Meat-free Mondays and the rise of ‘Flexitarianism’

The Warwick Students’ Union has joined the campaign for meat-free Mondays. Running alongside their usual menus, the campaign aims to encourage students to eat less meat in order to reduce harmful effects on the environment and to motivate us to maintain a healthy diet.

Meat-free Mondays promotes a more environmentally friendly way of eating by cutting down on the emissions caused by meat production.

A typical pig factory generates the same amount of raw waste as a city of 12,000 people

The Environmental Protection Agency argue that raising animals for human consumption is the leading source of water pollution. According to the Thinktank organisation, Chatham House, 14.5% of global greenhouse emissions are accounted for by the livestock sector. To add to this, PETA Online state that, “a typical pig factory generates the same amount of raw waste as a city of 12,000 people.” These figures show the enormous impact meat consumption has on global warming.

A meat-free diet is being adopted by an increasing number of people every day. The British Nutrition Foundation reported that 2% of the UK population consider themselves vegetarian and a further 1% of the population opt for a vegan lifestyle. Although these figures seem small, they continue to grow more each year.

Whilst these plant-based diets are growing in popularity, within the last decade the term ‘flexitarian’ has also risen. A flexitarian diet is predominantly plant-based but allows for the occasional consumption of meat.

I have recently taken to flexitarianism after being influenced by my friends and environmental documentaries. Having become environmentally conscious and intent on improving my health, I have decided to cut meat from my diet five days a week.

As I still enjoy consuming meat, I decided that this would be a better option for me than to completely cut it out altogether.
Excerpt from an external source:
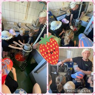 Nach einer kleinen Einführung bekam jedes Kind ein T-Shirt mit der Aufschrift „Ich habe Eis gemacht“. Nun ging es direkt in die Küche und wir durften alle gemeinsam Erdbeereis herstellen. Zuerst haben wir die frischen Erdbeeren geschnitten und danach ging es für uns auch schon ins „Eislabor“. Hier stand schon ein großer, vorbereiteter Topf mit Erdbeeren und natürlichen Rohstoffen wie Zucker, Glukose, ein wenig Salz… bereit. Auch unsere Erdbeere durften wir hinzufügen und haben anschließend eine Kostprobe der verschiedenen Zutaten bekommen.

The SU’s meat-free Mondays allow me chance to try more plant-based options, which is fantastic as I have been struggling to concoct different meal ideas.

They are missing the crucial point of meat-free campaigns, which is to encourage the reduction of meat production and consumption

It’s a good start, but there is much more work to be done. I feel they should cut meat from Mondays completely and have more plant-based options available every day of the week. By limiting the additional plant-based options to Mondays, they are missing the crucial point of meat-free campaigns, which is to encourage the reduction of meat production and consumption.

I spoke Ellie Hudson, a third year student from the University of Sheffield, who has been a flexitarian for the past four months to discuss her reasons for choosing the diet, her approach and its effect on her life.

When asked why she became one she said that she has become more concerned about our environmental impact, stating, “I feel that we are quite selfish as consumers, not really concerned about where our food comes from and the impact it has on the environment.”

Why not give one of the meat-free Monday options a try and see if the flexitarian lifestyle is for you?

In terms of health benefits, she mentioned how she hasn’t “noticed much difference at the moment but I’ve heard from friends that they feel much less bunged up with better digestion”. Asked if she was going to keep up flexitarianism long-term, she replied, “I am definitely going to carry on. I have really noticed how much cheaper my weekly shop is and I have also been more creative with dinners as I have had to find interesting alternatives. I do enjoy eating meat so definitely won’t give up but really think we should eat less as a nation.”

Initiatives like ‘meat-free Mondays’ being introduced by the SU will raise awareness and could potentially lead more people towards this lifestyle and consequently cut down on the harm we are causing on our planet. Why not give one of the meat-free Monday options a try and see if the flexitarian lifestyle is for you?